Metal oxides (SiO ₂ , Al
₂ O ₃ , TiO ₂ etc.), metal nitride (AlN, S
i ₃ N ₄ etc.) are sputter, ion plating,
Any of dry processes such as vapor deposition and P-CVD can be used. For metal oxides, it is also possible to use a coating technique of forming a film by hydrolysis of an alcoholate and a heating method, and after applying sealing glass as a paste,
It is also possible to form by heating.

In any method, cost, workability, and function can be freely selected according to the application. For the thickness of the coating, it is necessary to select a coating suitable for various coating films, and the organic polymer is preferably 10 μm or more. However, if the thickness is too large, it becomes difficult to form the inductor, and there is a possibility that the inductor may be lowered due to stress from various coatings. Therefore, the thickness of the organic polymer needs to be 150 μm or less. In the case of metal oxides and metal nitrides, the thickness is preferably 10 to 50 μm.

[0025]

As described above, according to the present invention,
It is possible to provide a thin inductor having the advantages of reducing the number of components, eliminating the need for distinction between front and back, and maintaining the insulating properties of the ferrite core even at high frequencies.

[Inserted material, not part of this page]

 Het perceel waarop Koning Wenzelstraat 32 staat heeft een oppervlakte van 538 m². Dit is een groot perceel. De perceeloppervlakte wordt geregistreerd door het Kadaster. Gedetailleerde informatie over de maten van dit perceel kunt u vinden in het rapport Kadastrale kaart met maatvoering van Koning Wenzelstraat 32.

[Brief description of the drawings]

FIG. 1 is a perspective view showing a configuration of a thin inductor according to an embodiment of the present invention.

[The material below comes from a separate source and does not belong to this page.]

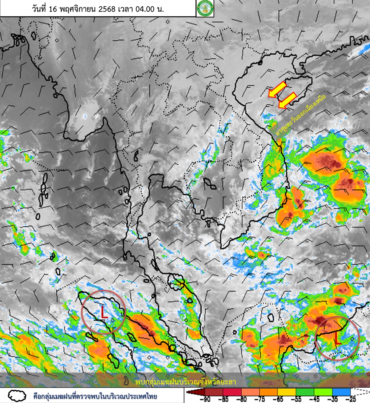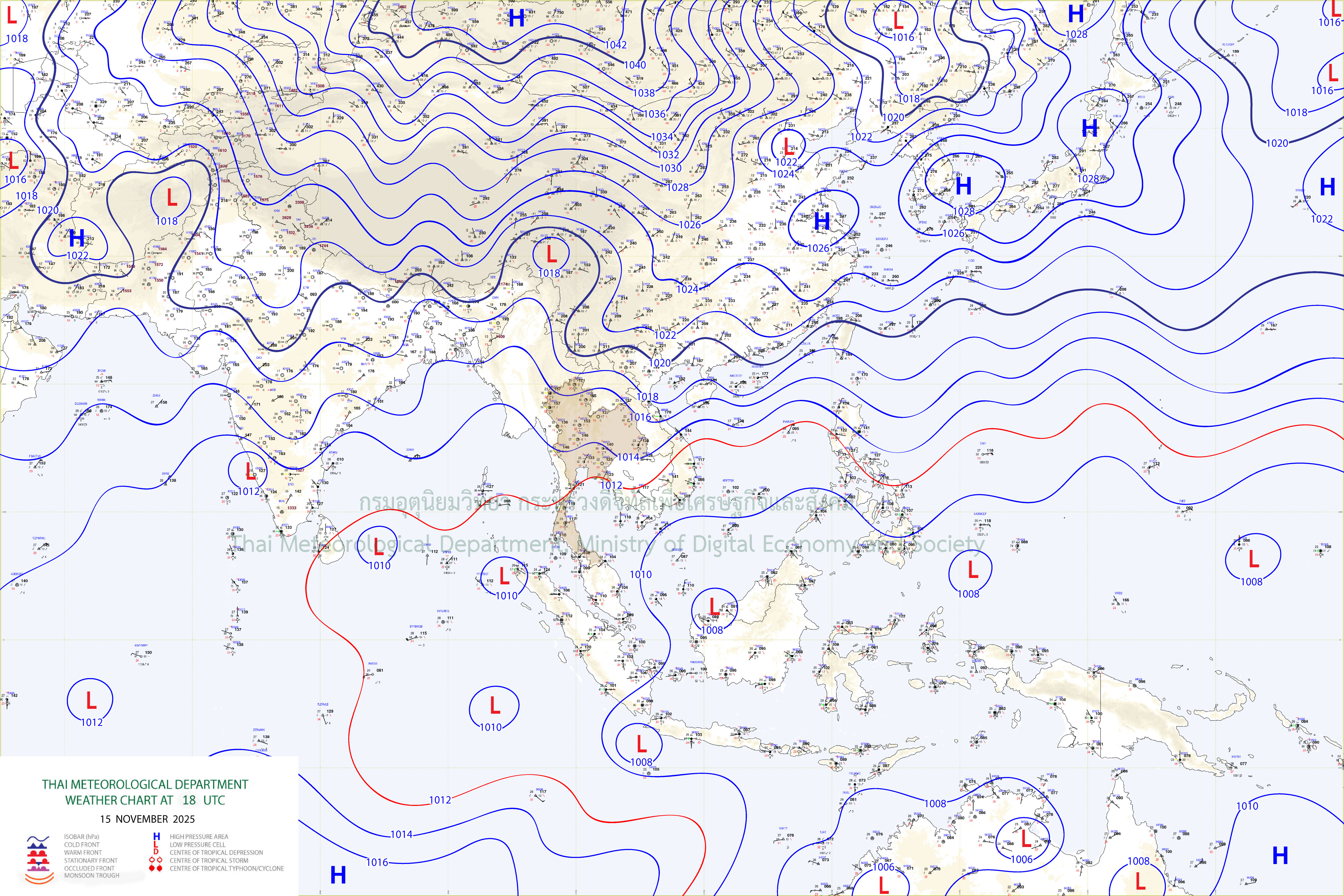 อนึ่ง ในช่วงวันที่ 17 - 23 พ.ย. 68 ประเทศไทยตอนบนจะมีอากาศแปรปรวน โดยจะมีฝนฟ้าคะนองบางพื้นที่เกิดขึ้นในระยะแรก โดยเริ่มในภาคตะวันออกเฉียงเหนือ ส่วนภาคอื่นๆ จะได้รับผลกระทบในระยะถัดไป หลังจากนั้นอุณหภูมิจะลดลง และมีอากาศเย็นถึงหนาว กับมีลมแรง ทั้งนี้เนื่องจากบริเวณความกดอากาศสูงหรือมวลอากาศเย็นกำลังแรงจากประเทศจีนจะแผ่ลงมาปกคลุมประเทศไทยตอนบนและทะเลจีนใต้ สำหรับภาคใต้มีฝนเพิ่มขึ้น และมีฝนตกหนักถึงหนักมากบางพื้นที่ เนื่องจากมรสุมตะวันออกเฉียงเหนือที่พัดปกคลุมอ่าวไทยและภาคใต้จะมีกำลังแรงขึ้น ประกอบกับจะมีคลื่นกระแสลมฝ่ายตะวันออกเคลื่อนเข้าปกคลุมภาคใต้ ส่วนคลื่นลมบริเวณอ่าวไทยและทะเลอันดามันจะมีกำลังค่อนข้างแรง โดยอ่าวไทยมีคลื่นสูงประมาณ 2-3 เมตร ส่วนทะเลอันดามันตอนบนมีคลื่นสูงประมาณ 2 เมตร ห่างฝั่งคลื่นสูง 2- 3 เมตร บริเวณที่มีฝนฟ้าคะนองคลื่นสูงมากกว่า 3 เมตร ขอให้ประชาชนบริเวณภาคใต้ฝั่งตะวันออกระวังอันตรายจากฝนตกหนักถึงหนักมาก และฝนที่ตกสะสม ซึ่งอาจทำให้เกิดน้ำท่วมฉับพลันและน้ำป่าไหลหลาก โดยเฉพาะพื้นที่ลาดเชิงเขาใกล้ทางน้ำไหลผ่านและพื้นที่ลุ่มไว้ด้วย รวมทั้งระวังอันตรายจากคลื่นที่ซัดเข้าหาฝั่ง ส่วนชาวเรือบริเวณอ่าวไทยและทะเลอันดามันควรเดินเรือด้วยความระมัดระวัง และหลีกเลี่ยงการเดินเรือในบริเวณที่มีฝนฟ้าคะนอง สำหรับเรือเล็กบริเวณอ่าวไทยควรงดออกจากฝั่งในช่วงวันที่ 19 - 23 พ.ย. 68

FIG. 2 is a perspective view showing a configuration of a conventional thin inductor.

[Explanation of symbols]

 DESCRIPTION OF SYMBOLS 10 Inductor main body 11 Opening 13 Edge 14 Stand 15 Depression 16, 17 Groove 18, 19 Step 20 Fixing fixture 21 Connection terminal 30 Coil 31 Leader 40, 50 Magnetic core (ferrite magnetic core) 71, 72 Magnetic core (ferrite magnetic core) 73 Opening 74, 75 End 76 Connection terminal 76 a Projection 77 Connection terminal 77 a Projection 78 Fixing bracket

──────────────────────────────────────────────────続 き Continued on the front page (51) Int.Cl. ⁷ Identification symbol FI Theme coat ゛ (Reference) H01F 37/00 H01F 37/00 GF Term (Reference) 4F073 AA32 BA18 BA21 BA22 BA23 BA31 5E043 AA01 AB01 BA01 EA06 EB02 EB03 EB05 5E070 AA01 AB01 BA08 BB01 DA15 DB06 EA02 EA09

Claims (5)

[Claims] 1. A coil having drawer portions at both ends extending in one direction and a coil housing portion for housing the coil when two are opposed to each other are formed, and an inner surface surrounding the coil housing portion is formed. At least a portion in contact with the coil) is formed of a pair of magnetic cores coated with an electric insulating coating, and two rectangular box-shaped ones each of which is cut off in one longitudinal direction. A pair of terminals accommodating both ends in the other direction orthogonal to one direction, and electrically connecting the tips of the drawers at both ends to the outer surface on the side where the drawers of the two rectangular boxes are provided. A thin inductor comprising: a pair of fixing brackets mounted so as to face each other. 2. The thin inductor according to claim 1, wherein the electric insulating film is an organic polymer film, a metal oxide film, or a metal nitride film. 3. An organic polymer containing at least one of an epoxy resin film, a fluorine-based polyimide amide resin film, an acrylic resin film, an alkyd resin film, and a phenol resin film. 3. The thin inductor according to claim 2, wherein the inductor is a molecular coating. 4. The method according to claim ₂ , wherein the metal oxide film is a metal oxide film containing SiO 2.
The thin inductor as described. 5. The thin inductor according to claim 2, wherein the metal nitride film is a metal nitride film containing at least one of an AlN film and a TiN film.